═══ Working data ═══

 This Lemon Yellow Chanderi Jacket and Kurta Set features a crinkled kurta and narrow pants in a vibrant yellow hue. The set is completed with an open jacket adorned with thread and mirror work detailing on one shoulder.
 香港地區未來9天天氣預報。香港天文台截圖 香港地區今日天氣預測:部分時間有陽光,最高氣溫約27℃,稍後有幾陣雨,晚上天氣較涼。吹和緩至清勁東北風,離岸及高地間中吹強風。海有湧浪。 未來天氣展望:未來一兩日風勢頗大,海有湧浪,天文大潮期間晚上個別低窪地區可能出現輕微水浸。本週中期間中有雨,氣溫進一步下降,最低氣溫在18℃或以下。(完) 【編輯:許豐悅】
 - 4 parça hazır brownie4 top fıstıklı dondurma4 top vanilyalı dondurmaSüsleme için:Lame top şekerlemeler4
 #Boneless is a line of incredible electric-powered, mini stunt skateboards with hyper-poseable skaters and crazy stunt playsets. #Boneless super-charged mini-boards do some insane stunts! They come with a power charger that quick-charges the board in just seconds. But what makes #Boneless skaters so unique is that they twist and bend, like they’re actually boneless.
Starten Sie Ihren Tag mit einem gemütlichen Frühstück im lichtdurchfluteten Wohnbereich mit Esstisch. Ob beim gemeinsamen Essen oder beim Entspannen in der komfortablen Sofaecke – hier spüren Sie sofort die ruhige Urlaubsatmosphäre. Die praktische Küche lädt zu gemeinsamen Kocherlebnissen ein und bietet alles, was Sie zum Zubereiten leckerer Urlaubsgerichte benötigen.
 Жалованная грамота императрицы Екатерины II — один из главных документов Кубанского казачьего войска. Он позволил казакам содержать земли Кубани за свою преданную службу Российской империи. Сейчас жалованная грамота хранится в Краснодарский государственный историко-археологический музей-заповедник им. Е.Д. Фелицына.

═══
═══ Working data ═══

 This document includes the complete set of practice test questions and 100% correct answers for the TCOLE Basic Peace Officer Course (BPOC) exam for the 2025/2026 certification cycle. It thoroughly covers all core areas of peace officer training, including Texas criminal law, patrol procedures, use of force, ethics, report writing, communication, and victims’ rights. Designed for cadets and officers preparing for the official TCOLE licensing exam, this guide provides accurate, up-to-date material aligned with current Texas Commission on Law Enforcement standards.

═══

» What is being asked:
Retype exactly the span of lines from the one with "Starten Sie Ihren" through the one with "Жалованная грамота императрицы"; include both ends and omit the rest of the material.

» Solution for this problem:
Starten Sie Ihren Tag mit einem gemütlichen Frühstück im lichtdurchfluteten Wohnbereich mit Esstisch. Ob beim gemeinsamen Essen oder beim Entspannen in der komfortablen Sofaecke – hier spüren Sie sofort die ruhige Urlaubsatmosphäre. Die praktische Küche lädt zu gemeinsamen Kocherlebnissen ein und bietet alles, was Sie zum Zubereiten leckerer Urlaubsgerichte benötigen.
 Жалованная грамота императрицы Екатерины II — один из главных документов Кубанского казачьего войска. Он позволил казакам содержать земли Кубани за свою преданную службу Российской империи. Сейчас жалованная грамота хранится в Краснодарский государственный историко-археологический музей-заповедник им. Е.Д. Фелицына.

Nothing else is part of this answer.